I decided to try the bacon one first, because bacon trumps most other foods. The supple tortilla was neatly folded in at one end, with bits of diced chile, egg and potato peeping out of the other end. First bite produced fluffy scrambled eggs made with black pepper, tiny diced russet potatoes -- perfectly mealy, with the nutritious peels intact -- and tiny, tender nips of chewy bacon. I've eaten breakfast burritos that were so dry I needed to dip them in my morning coffee -- or afternoon beer -- to scrape them down my food-pipe, but this burrito was nicely moist, and the green chile sauce providing most of that moisture was a standout. The chiles were fruity and the resulting sauce chunky, with a slow but steady mild-to-medium warmth -- good for the median masses who aren't into serious heat.

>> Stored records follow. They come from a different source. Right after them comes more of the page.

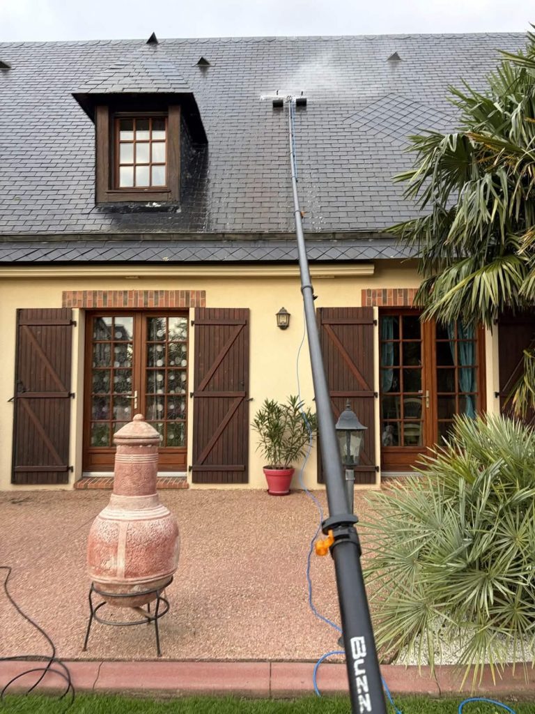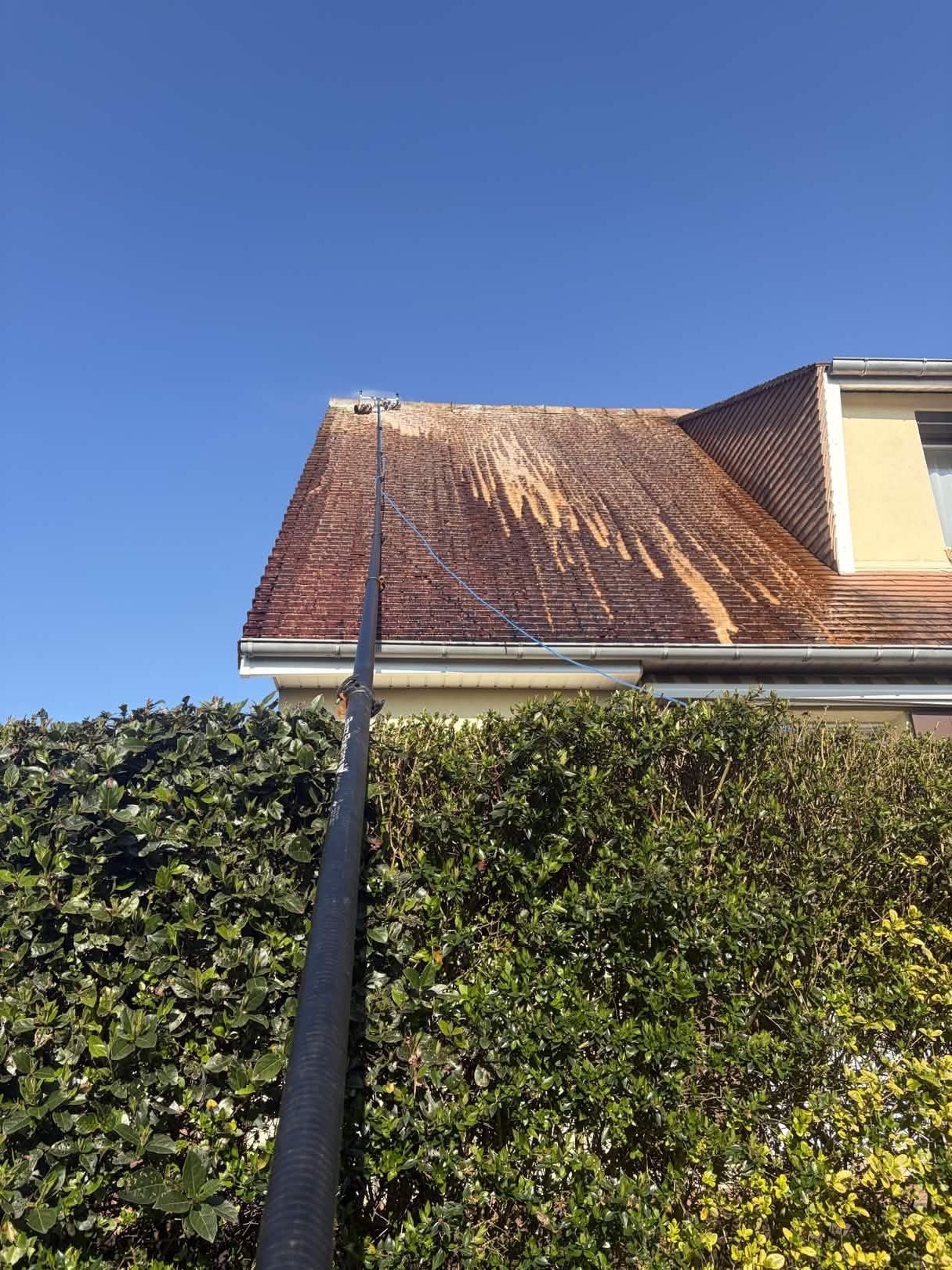 Application manuelle du démoussant avec perche et rouleau, sans haute pression.
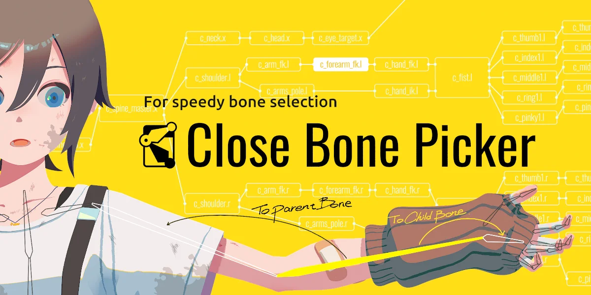 Close Bone Picker is an add-on that optimizes bone selection workflows for character animation. It allows animators to navigate armatures using keyboard shortcuts based on a custom bone hierarchy. This hierarchy is built visually using a dedicated node editor, enabling users to define selection paths that match their specific animation needs rather than relying solely on the default armature structure.
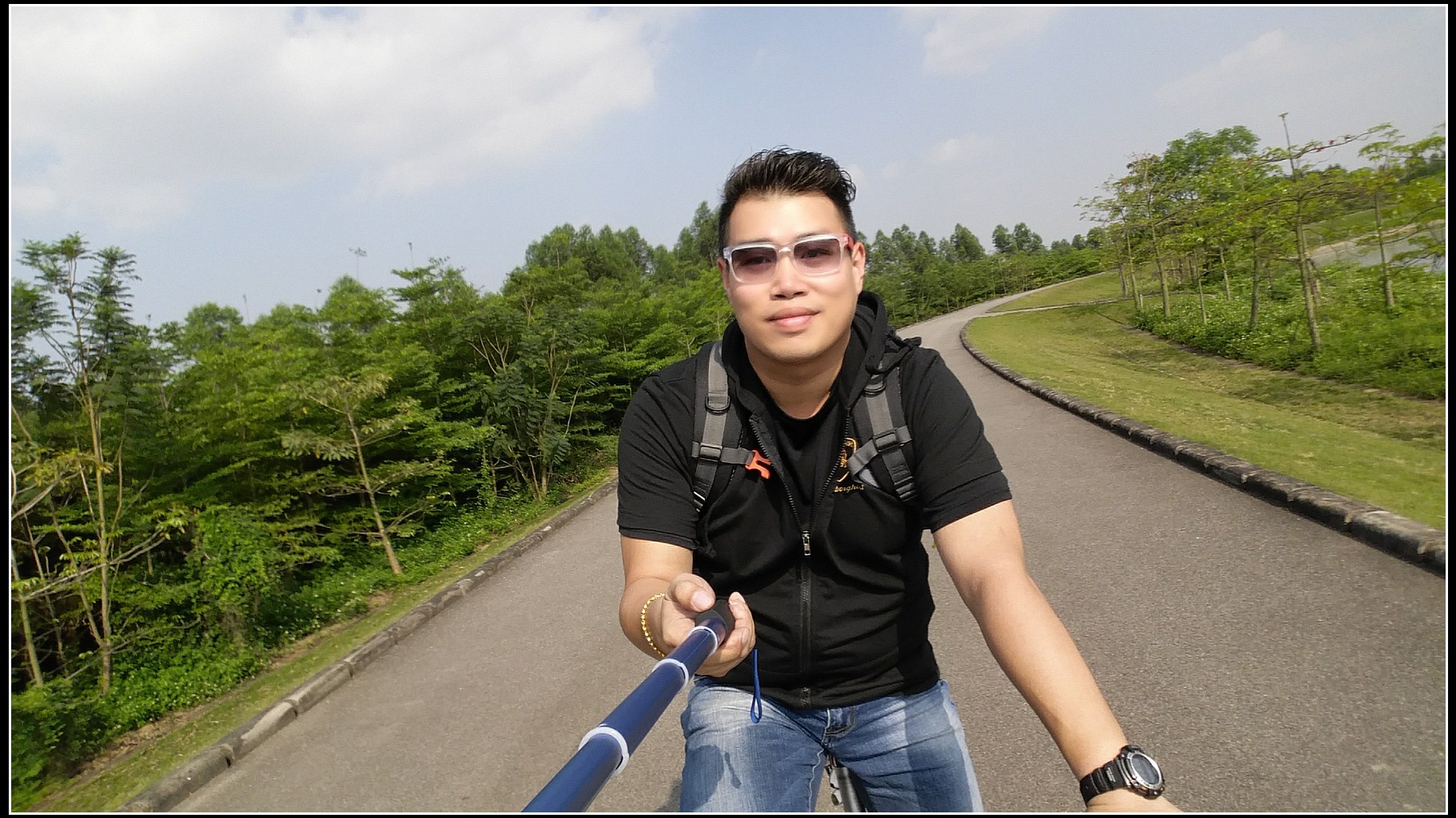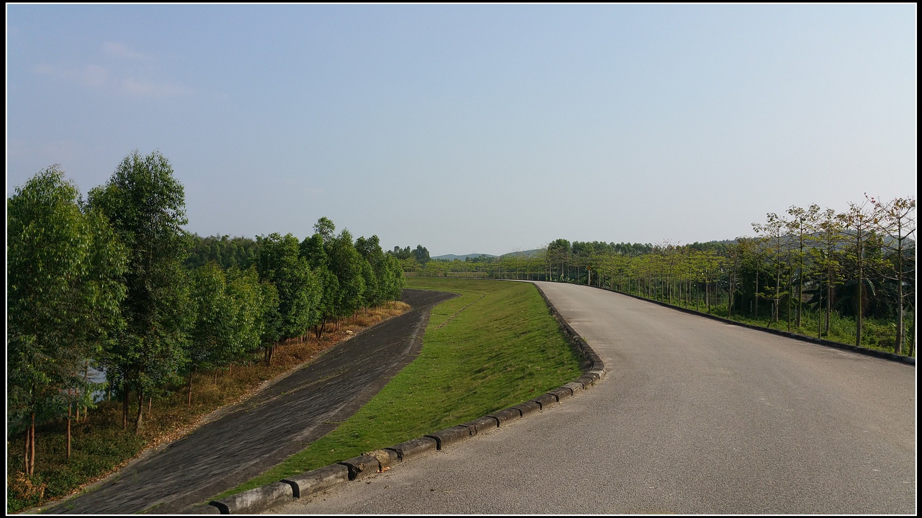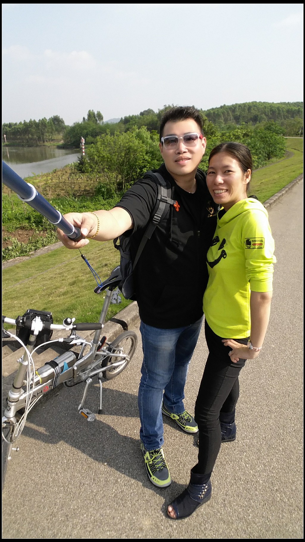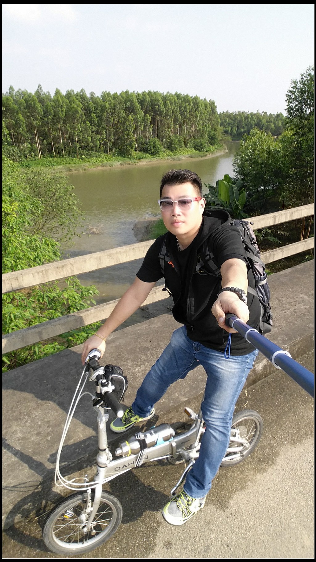 沿着河堤骑行,基本上没有汽车,安全可以放开来骑。

Still, the burrito needed a touch more cheddar to help solidify the ingredients and give the mix a richer, fatty flavor. And, of course, it needed more bacon. There can never be too much bacon in a breakfast burrito.

Next up? The chorizo breakfast burrito. As I unwrapped it from its aluminum foil sleeping bag, I searched for the drips of fiery-orange grease that usually spit out the ends of chorizo-stuffed burritos. None. I found out why when I took a bite, and discovered that the chorizo was mildly seasoned and lean -- no cholesterol-clogging treat for me here.

I liked the sausage burrito the best out of the four, because the meaty little nuggets gave off a pleasant sage-y, black peppery, salty flavor, and overall the burrito was the most aggressively seasoned of the choices.

The meatless burrito was a tad thinner than the meated ones, and it definitely needed more shredded cheddar cheese to compensate.

But each burrito contained an above-adequate amount of really well-made scrambled eggs -- fusty, brown-speckled, overcooked eggs are the sworn enemy of all breakfast items -- as well as those good potatoes and an excellent green chile sauce, so they are definitely worth the $2 each they retail for at Good Times.

This year's green chile season will no doubt produce a festive array of chile-infused items in stores, shops and restaurants across the state, and this entry from Good Times is a respectable kick-off.